Having one foot in the academic world, and the other in business, I realize more fully that cerebral means neither intelligent nor effective. It means that your sixth chakra is working at the expense of the others.

For better or worse I was born with a strong instinct for clarity. This is not an easy instinct to practise. It estranged me form my parents, took me away from my spiritual tribe, journeyed me through other spiritual tribes and has eventually brought me to a place of peace, where I can practise this instinct with conviction and commitment.

The question "What do you mean?" quickly brings a conversation to bafflement unless the participants have put a fair amount of cerebral activity into their homework of self- knowledge and knowledge of the world.

If you want to know anything about anything you have to think at least a little and reflect on your experience. When you reflect on experience, you create patterns of increasingly aware emotions. As humans we're far more emotional than cerebral, and as a species that's our downfall, because we believe that we're more cerebral than emotional. We're quick to protect individualism, integrity and dignity without doing enough personal scrutiny. We're quick to group, without putting enough energy of insight into group awareness.

We feel, spontaneously. We are aware, spontaneously. Thinking is a choice. We can pilot a way through emotions, choosing where to go and where we refuse to go.

Clarity involves congruence, assonance, agreement, co-operation, kindness and courtesy. You can't say that my clarity is better than yours. A clear word is like a two-edged sword. It will divide as well as create recognition, respect and reciprocity.

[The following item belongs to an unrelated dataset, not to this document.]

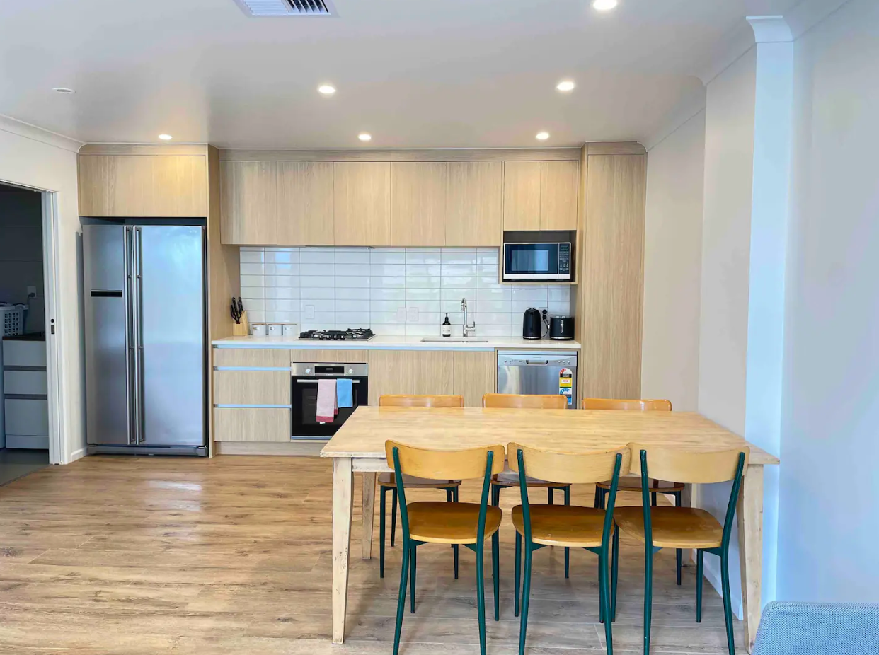 Open plan kitchen with Bosch gas cook top. Oven and dishwasher.

To reason is not merely to invoke the rules of logic. Reasoning involves the seat of response, the deepest and most resounding emotions a human is capable of, instinctive and enduring.

Reasoning, in its simplest sense, is thinking with all your heart. It's a meeting point between deliberate thoughtfulness and conscious emotion at the junction where decision is made possible by this exciting confluence of energy.

I love the feeling of reasoning, and I have found myself to be quite alone in this. I expected that in the academic sphere I would find similar intentionality in others, but indeed that experience eluded me more than not.

I am no mountaineer, but I would use the metaphor of having reasoned something through to a satisfactory conclusion as being similar to reaching the summit. Enjoy the view, bask if you wish, but you know that there are so many more to attempt.

There is no conquering of the self. There is no end to stirrings that emanate from the actvity of the imagination, the plight of humanity, the story of this planet, the jumbled emotions of the individual soul.

"Are we clear?" the master-sergeant shouts into the face of the recruit. The recruit knows what the answer has to be.

The living God asks the same question, in a different but no less challenging tone.

Responding is one thing, wording your response another. The link between these is another thread of clarity.